▶ **Task item**: The output is a word-for-word repeat of the listing below, free of images.

=== Data for this exercise ===

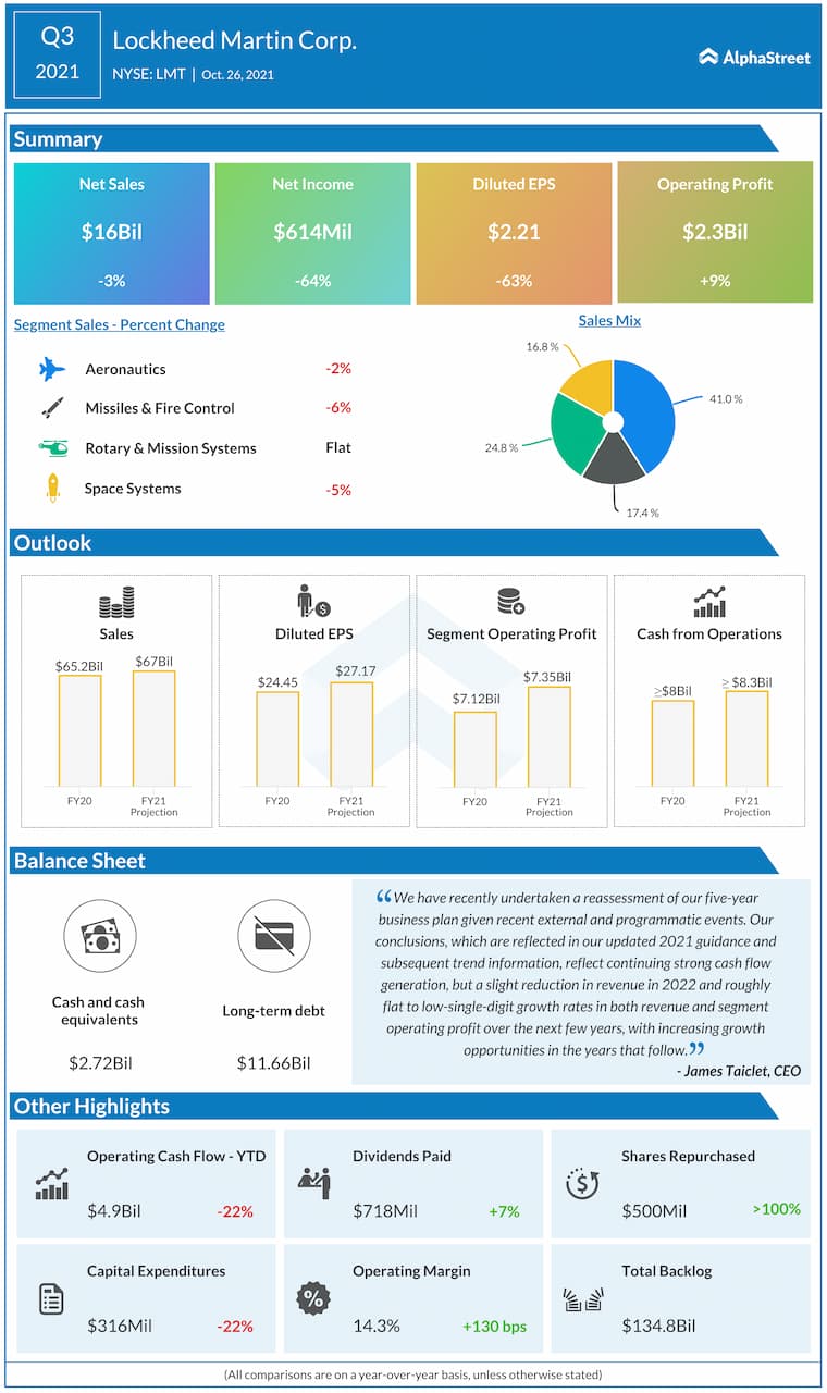 Lockheed Martin Corporation (NYSE: LMT) reported net sales of $16 billion for the third quarter of 2021.
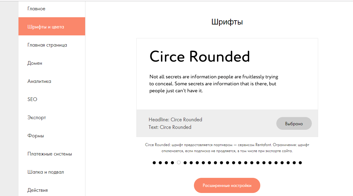 Тильда предлагает несколько пар шрифтов, этого более чем достаточно. Установить шрифт можно в настройках сайта
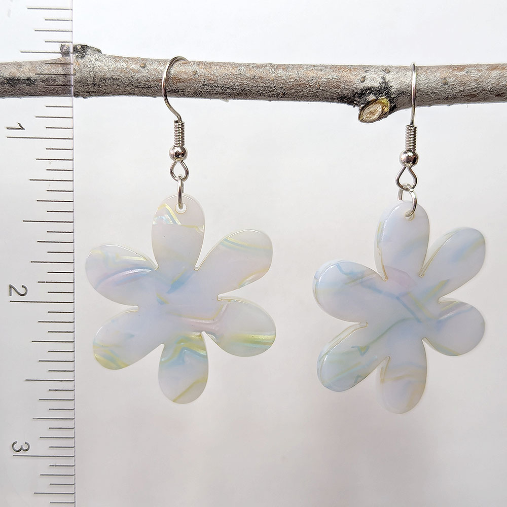 Resin Acetate Large Light Blue Daisy Flower Earrings
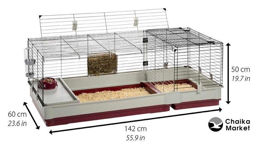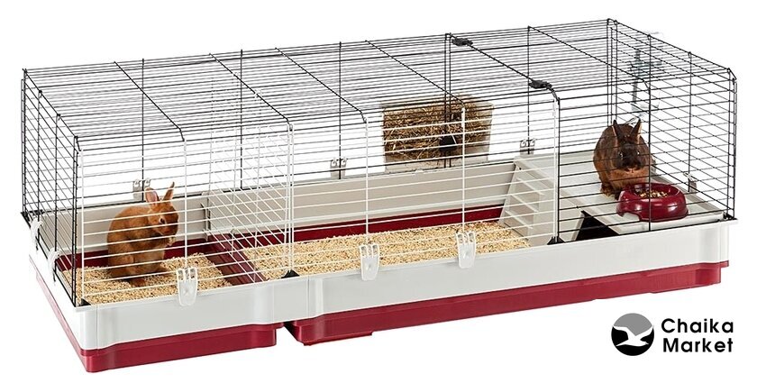 клетка, для грызунов (кролик), пластик/эмалированная сталь, серый
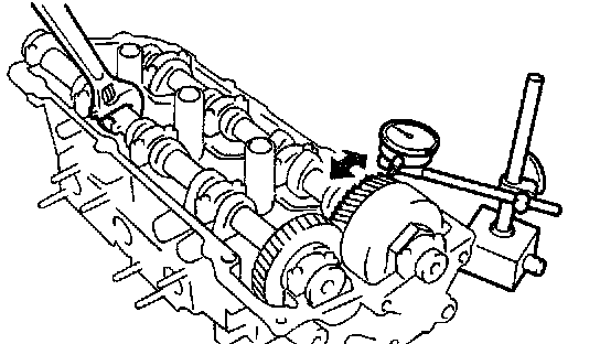 b. Using a dial indicator, measure the thrust clearance while moving the camshaft back and forth.
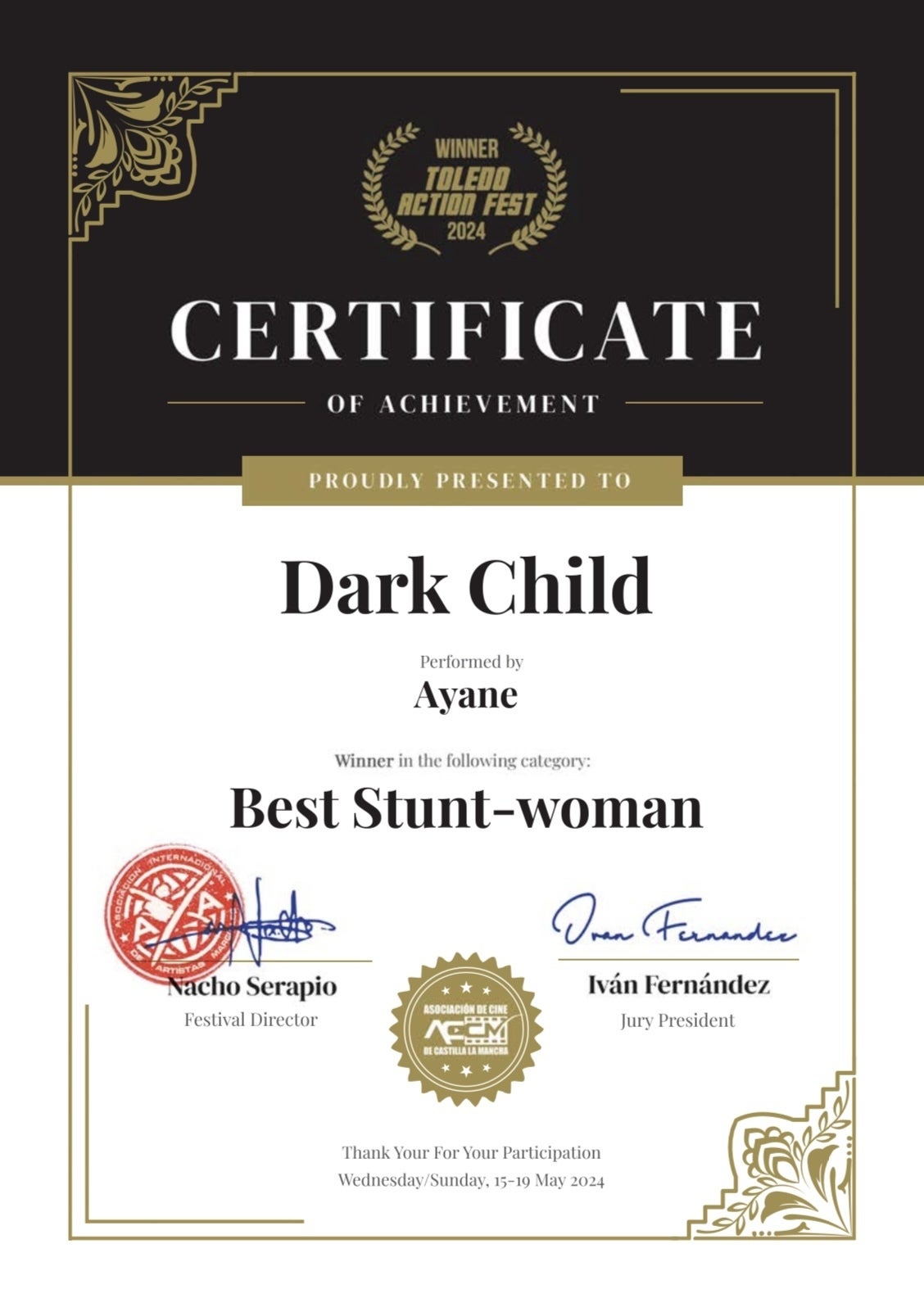 また海外で開催されたアクションショートフィルム映画祭では数多くノミネート、そしてスペインで開催されたInternational Toledo Action Film Festivalでは『BEST STUNT WOMAN』という個人賞を受賞。さらに、ニュージーランドで開催されたThird Culture Film Festival では『BEST ACTION SEQUENCE』を受賞させて頂きました。『DARK CHILD』はSNSに載せることを目的として製作したのですが、映画館での上映・舞台挨拶も2回させて頂くことができました。
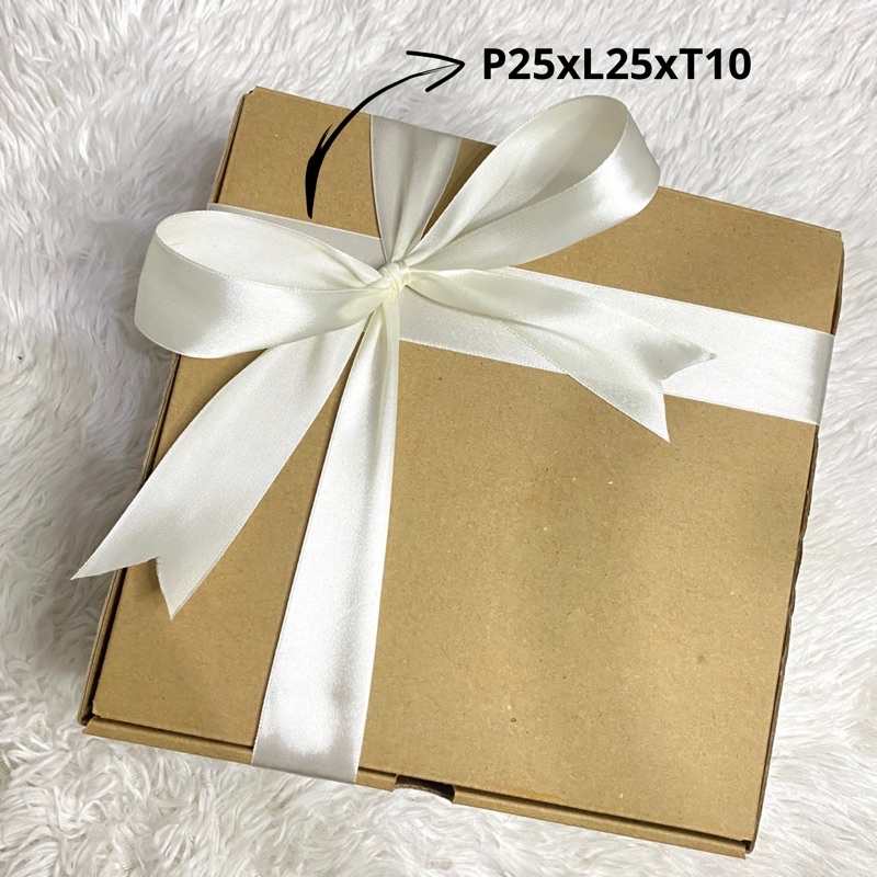 Kardus ukuran P25xL25xT10. ditali dengan pita besar berwarna broken white membuat hampers terlihat elegan

===

▶ **Exercise answer**:
 Lockheed Martin Corporation (NYSE: LMT) reported net sales of $16 billion for the third quarter of 2021.
 Тильда предлагает несколько пар шрифтов, этого более чем достаточно. Установить шрифт можно в настройках сайта
 Resin Acetate Large Light Blue Daisy Flower Earrings
 клетка, для грызунов (кролик), пластик/эмалированная сталь, серый
 b. Using a dial indicator, measure the thrust clearance while moving the camshaft back and forth.
 また海外で開催されたアクションショートフィルム映画祭では数多くノミネート、そしてスペインで開催されたInternational Toledo Action Film Festivalでは『BEST STUNT WOMAN』という個人賞を受賞。さらに、ニュージーランドで開催されたThird Culture Film Festival では『BEST ACTION SEQUENCE』を受賞させて頂きました。『DARK CHILD』はSNSに載せることを目的として製作したのですが、映画館での上映・舞台挨拶も2回させて頂くことができました。
 Kardus ukuran P25xL25xT10. ditali dengan pita besar berwarna broken white membuat hampers terlihat elegan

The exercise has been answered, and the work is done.